Я осторожно повернулся и убедился, что не застал ее врасплох. И, честно говоря, немало удивился тому, как она выглядела. Никакого привычного готического макияжа с потекшей тушью и густо накрашенными глазами. Наоборот, Грасс явно готовилась — примарафетилась, выбрала короткое обтягивающее платье, чтобы выгодно подчеркнуть длинные ноги и стройную фигуру, надела изящные украшения, даже прихватила малюсенькую сумочку на цепочке.
Впервые я видел Аньку такой. Не знаю, что у них там творилось с Денисовым, но это наверняка должно было что-то значить. Другой вопрос — что именно и для кого?
Аня тем временем долила вина в бокал, осушила его залпом и, пригладив растрепавшуюся прическу у маленького зеркала, процокала на высоченных шпильках мимо нас. Уже с новой тонкой сигареткой в руках.
— Думаю, вам нужно поговорить наедине, — нахально улыбнулась она, но я заметил в ее глазах смятение. Значит, тоже нервничала. — Ладно, всем пока.
Уже в коридоре она послала нам обоим воздушный поцелуй и скрылась за входной дверью.
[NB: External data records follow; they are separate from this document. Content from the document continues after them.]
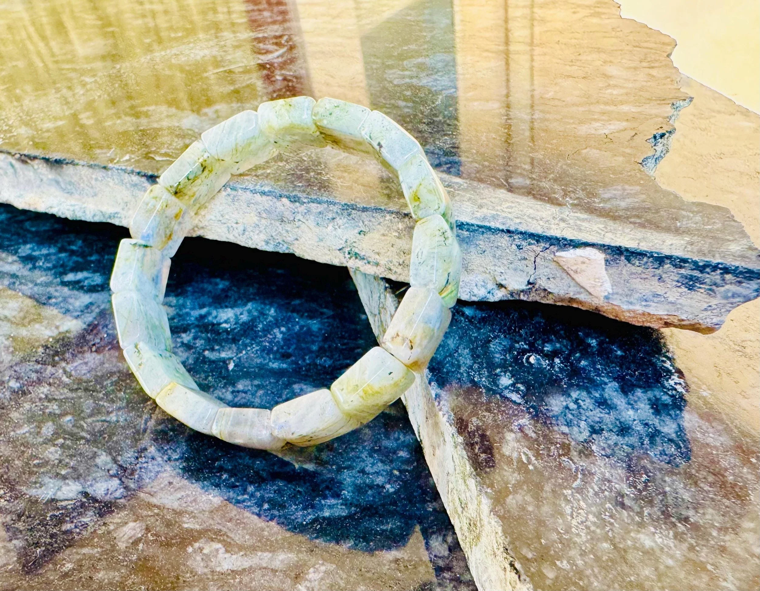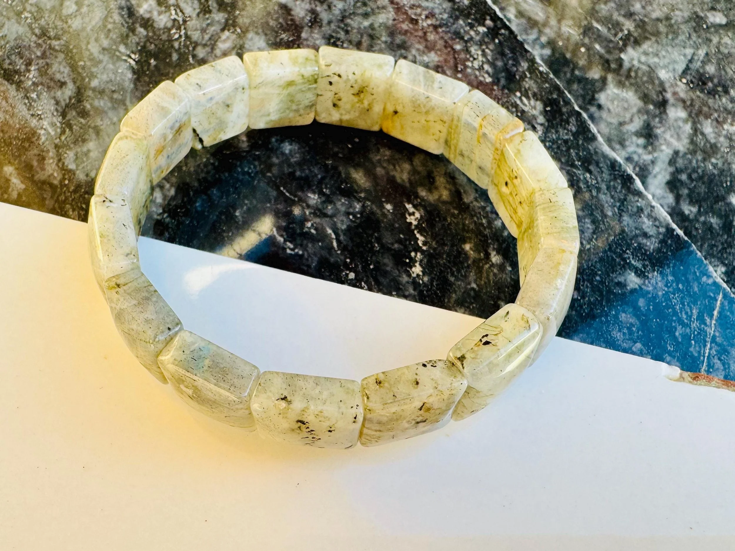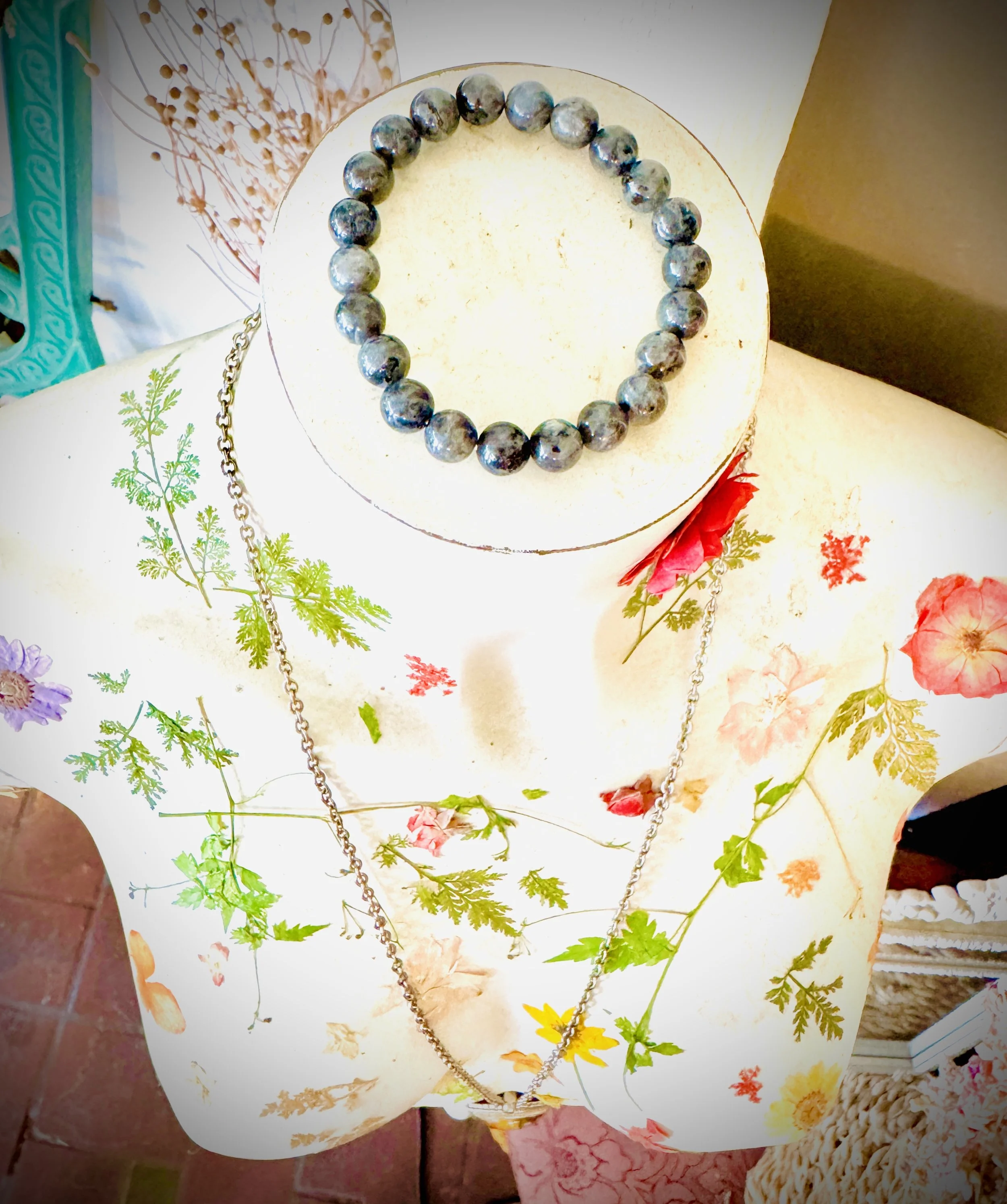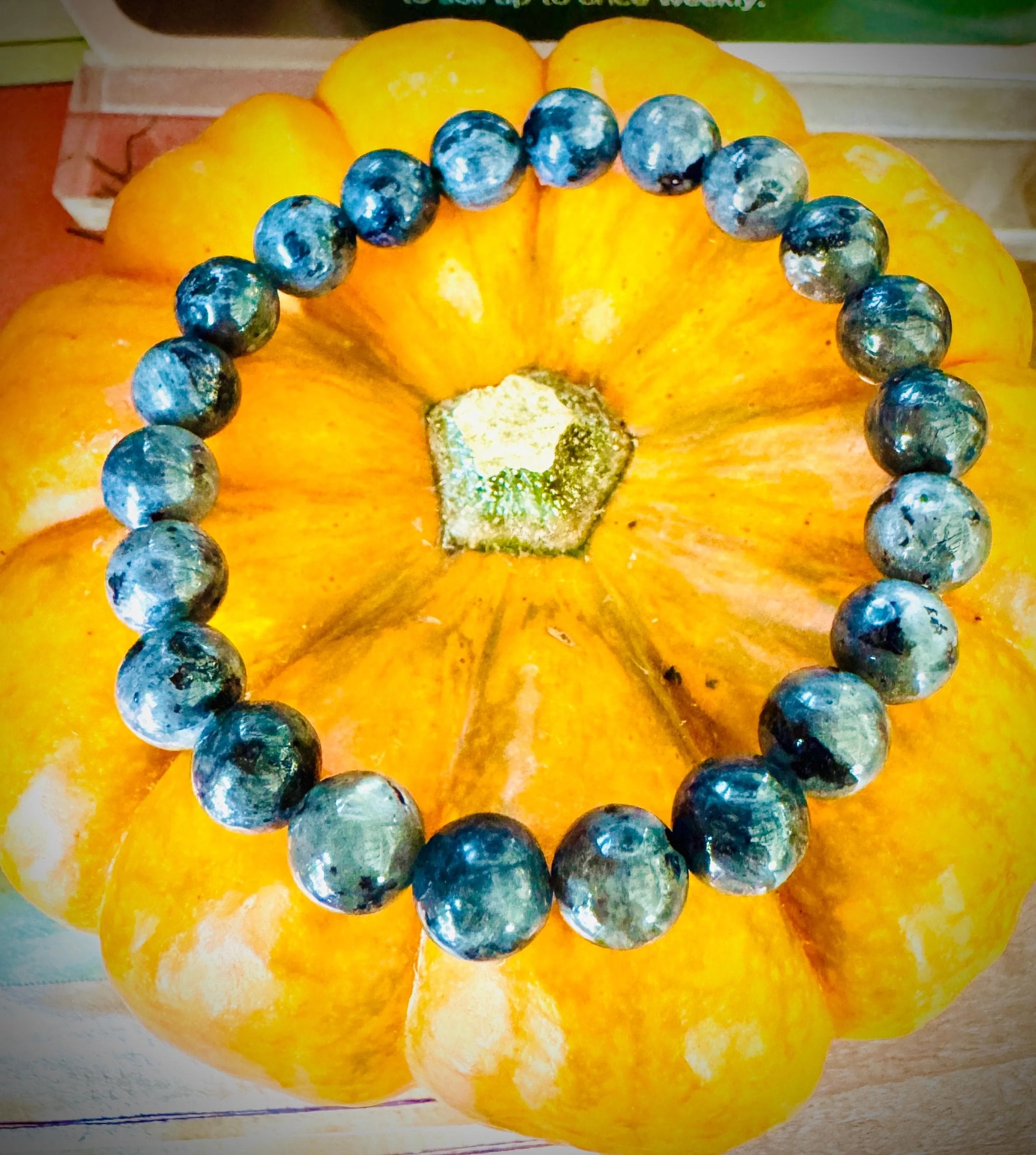 Luminescent Larvikite Bracelet | “Norwegian Moonstone” Protection Beads | Grounding & Intuition Crystal Jewelry
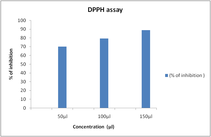 Where A0 was the Absorbance of the control reaction and A1 was the Absorbance in the presence of test or standard sample [18]. Theresults were analysed in triplicate [19]. The IC50 value is the concentration of sample required to inhibit 50% of the DPPH free radical.
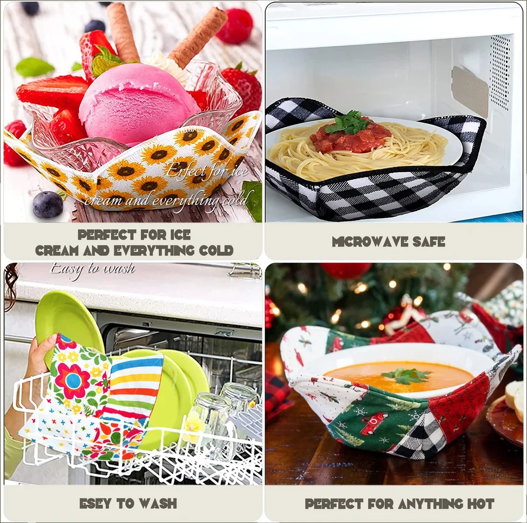 Only 100% cotton, non-metallic fabric, batting, and thread, should be used if you intend to put Bowl Cozies in the microwave. Other materials could catch fire. Works great for ice cream bowls too! Keep your hands warm while enjoying your favorite flavor.
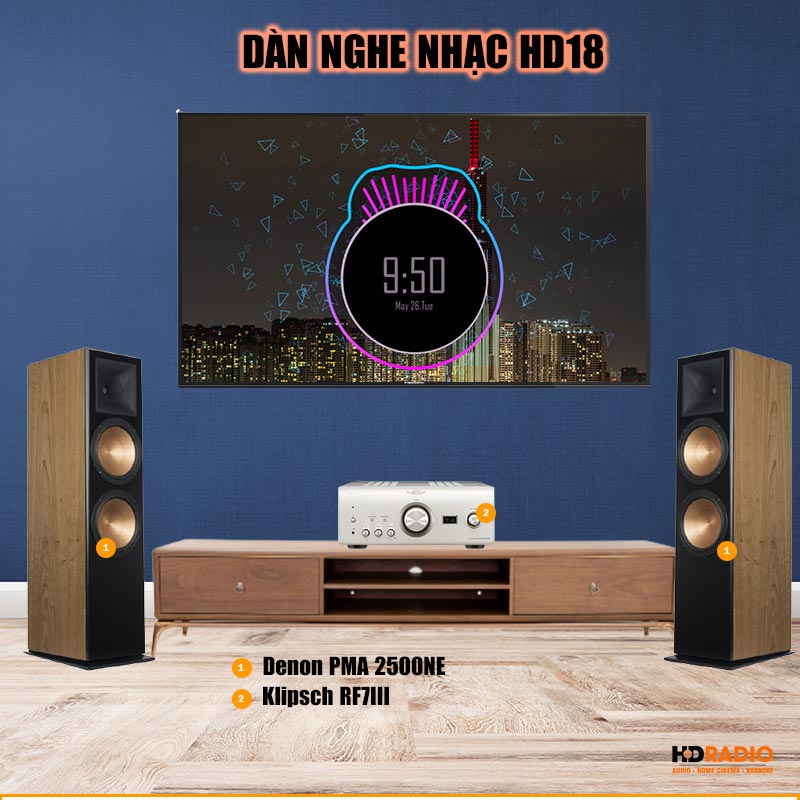 Dàn âm thanh nghe nhạc HD18 là dàn âm thanh nghe nhạc hay nhất kết hợp hoàn hảo giữa Amply Denon PMA 2500NE (Xuất Xứ Nhật Bản) với cặp Loa Klipsch RF7 III được các kỹ thuật viên ưu tú của HDRADIO đưa ra cấu hình thiết kế và thử nghiệm hoàn hảo tại phòng demo chuyên dụng của công ty. Dàn nghe nhạc cao cấp này cho âm thành gần như hoàn hảo với tất cả các thể loại nhạc từ trữ tình đến nhạc bolero hay nhạc vàng .trong khoảng không gian từ 25 - 40 mét vuông

Я услышал торопливый стук каблуков на лестнице, затем сосчитал до пяти и пошел в прихожую, чтобы запереть дверь.
Когда я вернулся, Денисов, все еще обмотанный в простыню, сидел возле окна и теребил недопитый бокал в руках.
— Не будь твой визит связан с Отделением, клянусь, Соколов, я бы тебя лично придушил.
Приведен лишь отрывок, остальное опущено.